Esty, who got to the forum about 20 minutes late, believes she deserves to be re-elected to one of the seats, leaving Sisitsky and Wolfe to battle it out for the other opening.

"I'm running on my experience," said Esty, who is a former public works commissioner and Town Meeting member.  "I'm the selectman who listens.  I'm the one who keeps trying to work with the neighborhoods."

Wolfe downplayed Sisitsky's suggestion that a town manager should be picked by selectmen and accountable to them.  Sisitsky said the Town Meeting article asking for the change puts the town "on a slippery slope to being a city."

"Most of the people on the board don't have the qualifications to do that job and we elect them anyway," said Wolfe.  "I don't think being town manager is that hard.  I can certainly do it.  Mr.
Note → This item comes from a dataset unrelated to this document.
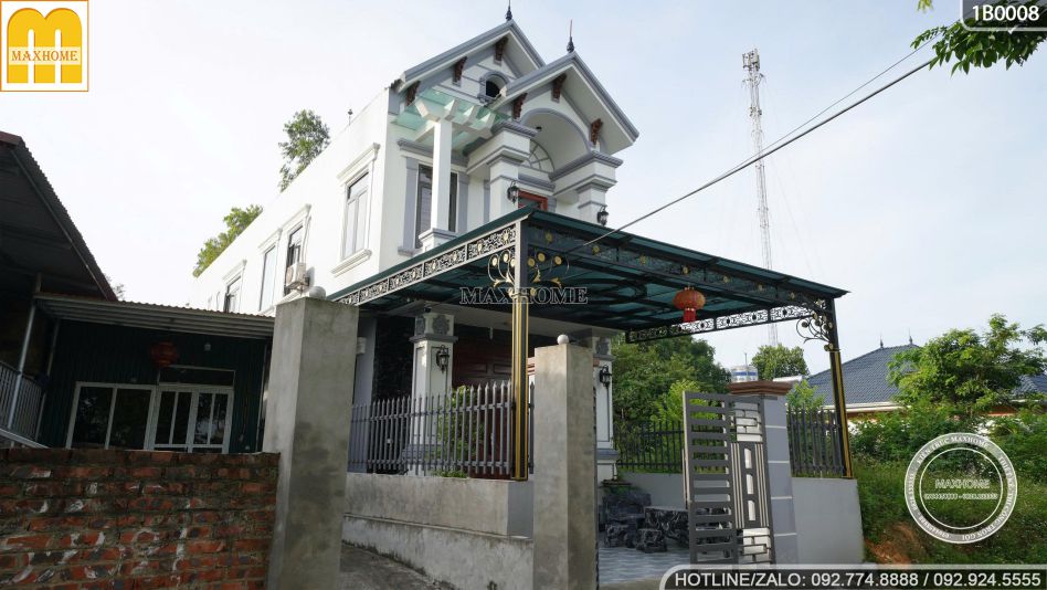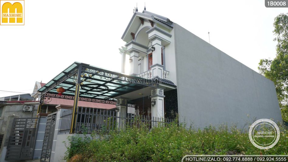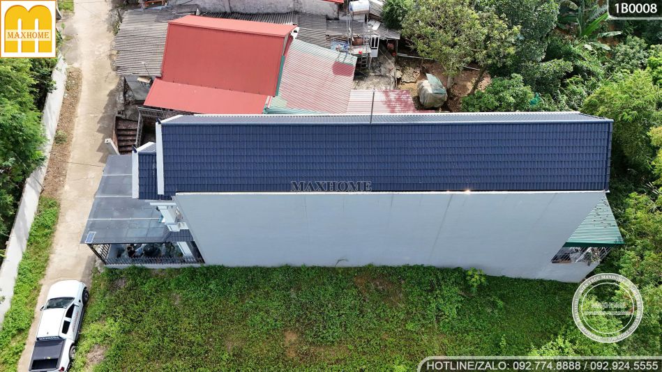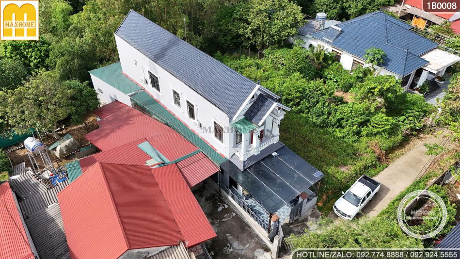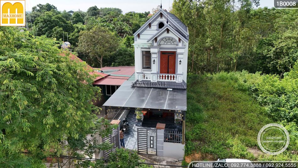 Từ góc nhìn trên cao có thể thấy rõ phần mái Thái được thiết kế gọn gàng, thu hồi vào trong thay vì đua ra ngoài để căn nhà lô phố vẫn thoát nước tốt mà không ảnh hưởng đến hàng xóm. Mẫu nhà đẹp này cũng nổi bật nhờ phong cách tân cổ điển nhẹ nhàng cùng hệ cột vuông lớn và các đường gờ phào chỉ được xử lý tinh tế.

Sisitsky could do it.  Most of you (in the audience can do it)."

And while Sisitsky and Esty noted they make regular visits to the town's Southside, Wolfe said he isn't known for such jaunts.

"I don't spend a lot of time here," he said.  "I'm from the Northside."

Wolfe sees room for a small cut in the municipal budget and a larger one on the school side.

"Teachers are overpaid," he said.  "The get paid $56,000 for a nine-month job in a town where the median income is $60,000.  They can stand a cut."